She carried a secret heavier than most could imagine, a secret born from the fragile hope of a young woman desperate to escape the shadows of her dysfunctional family. For six months, she guarded her dream job application like a precious flame, knowing that revealing it could ignite a storm of doubt, resentment, and harsh words from those who should have been her greatest support.
When the long-awaited email arrived, confirming her success, it was more than just a job offer—it was a lifeline to a future she had fought so hard to claim. Yet beneath the joy lay the quiet understanding that her work would come first, a testament to her resilience and relentless spirit in a world that had never truly believed in her.

AITA for moving to London knowing my family won’t be able to afford it as much?

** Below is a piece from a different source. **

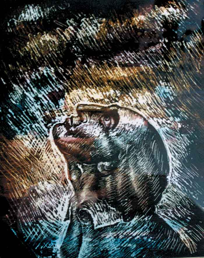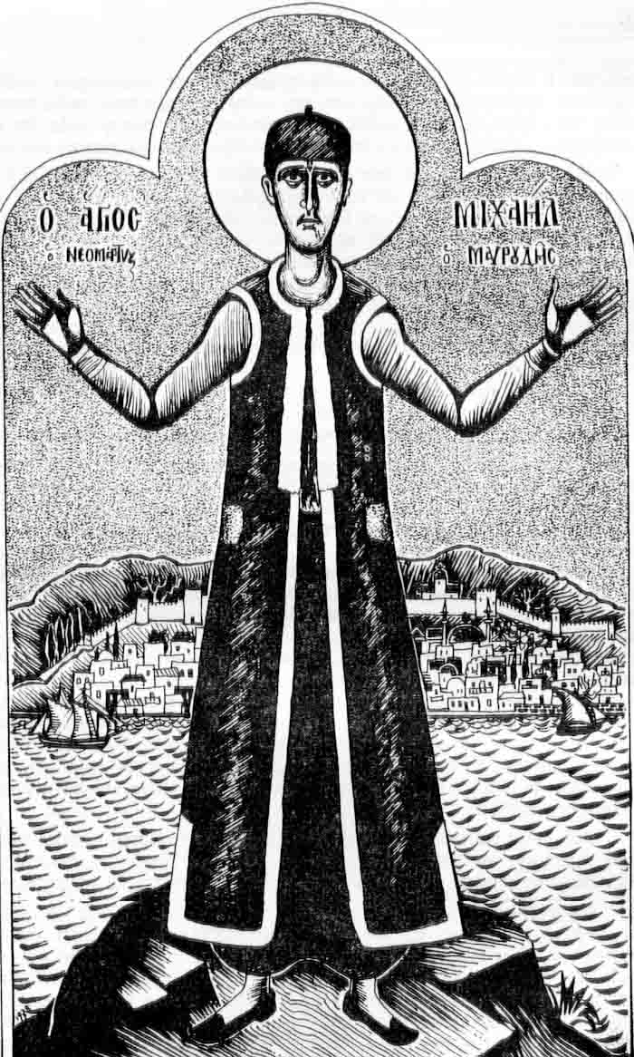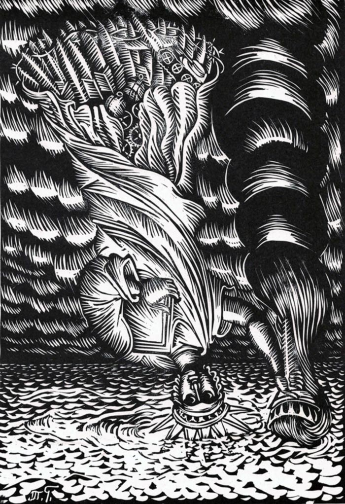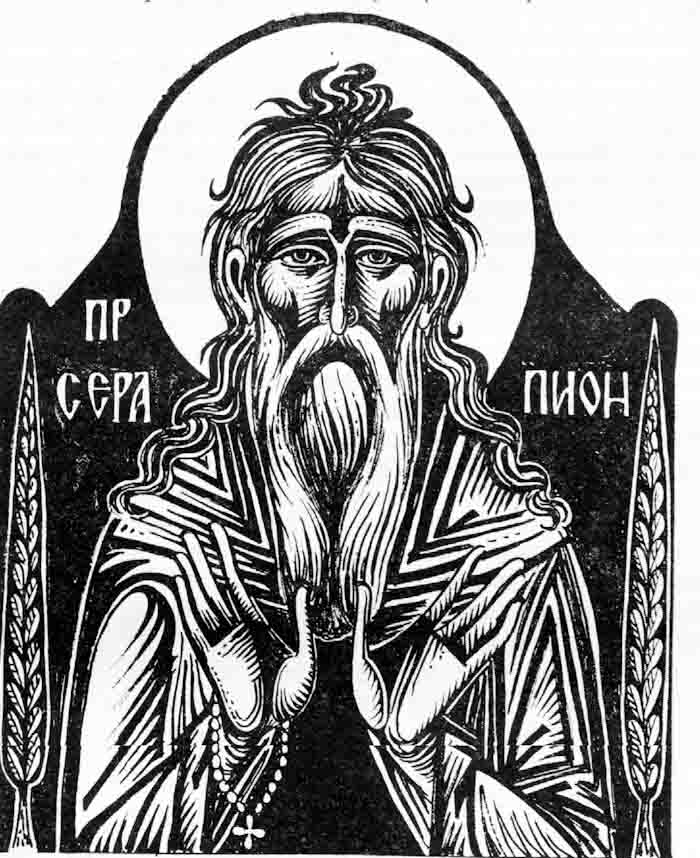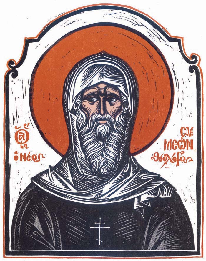 Saint Symeon the Fool for Christ, engraving on linoleum

Dr. Irene Levine, a prominent psychologist and author focusing on relationships, often emphasizes the critical role of establishing and maintaining healthy personal boundaries, especially within dysfunctional family systems. She notes that when individuals from families characterized by high criticism or low emotional support seek autonomy, the conflict often escalates as the family unit resists the loss of established roles or control.
The OP’s decision to withhold the job news for six months was a clear act of self-preservation, driven by a justified anticipation of negative reactions, criticism, and sabotage from a dysfunctional family structure. This behavior reflects an understanding that their family provides no positive reinforcement for personal achievement. The subsequent revelation, timed after dinner, suggests an attempt to mitigate confrontation, though the outcome proved inevitable given the underlying resentments. The sisters’ reactions—shouting and calling the OP an ‘a-hole’—are likely rooted in a complex mix of envy (regarding the OP’s success and mobility, contrasting with their own financial dependence/part-time status) and a sense of abandonment. The focus immediately shifted from the OP’s achievement to the logistics of family visits, which frames the OP’s success as an inconvenience or a personal slight against them.
From a professional standpoint, the OP was entirely appropriate in prioritizing their career, especially given the high stakes of a dream job and the documented history of negativity from their family. The OP’s stated preference to avoid visiting due to poor relationships further validates maintaining distance. The constructive recommendation for future interactions is to communicate major life changes neutrally, providing necessary logistical information without seeking emotional validation from family members who are incapable of providing it. Future plans regarding visits should be communicated as non-negotiable facts about the OP’s schedule, not as subjects open for family negotiation or emotional leverage.
REDDIT USERS WERE STUNNED – YOU WON’T BELIEVE SOME OF THESE REACTIONS.


















This is the time for you to focus on building your independent adult identity and lifestyle. You’ve worked to develop the skills for your dream job.



The individual achieved a significant career goal by securing a dream job, but this success brought immediate conflict with their family, especially their sisters who expressed resentment over the move and perceived imbalance in their current life situations.
Given the deep-seated family dysfunction and the OP’s dedication to prioritizing career growth, should the OP feel obligated to manage their sisters’ feelings of inadequacy and potential isolation, or is self-preservation and career pursuit the only reasonable path forward?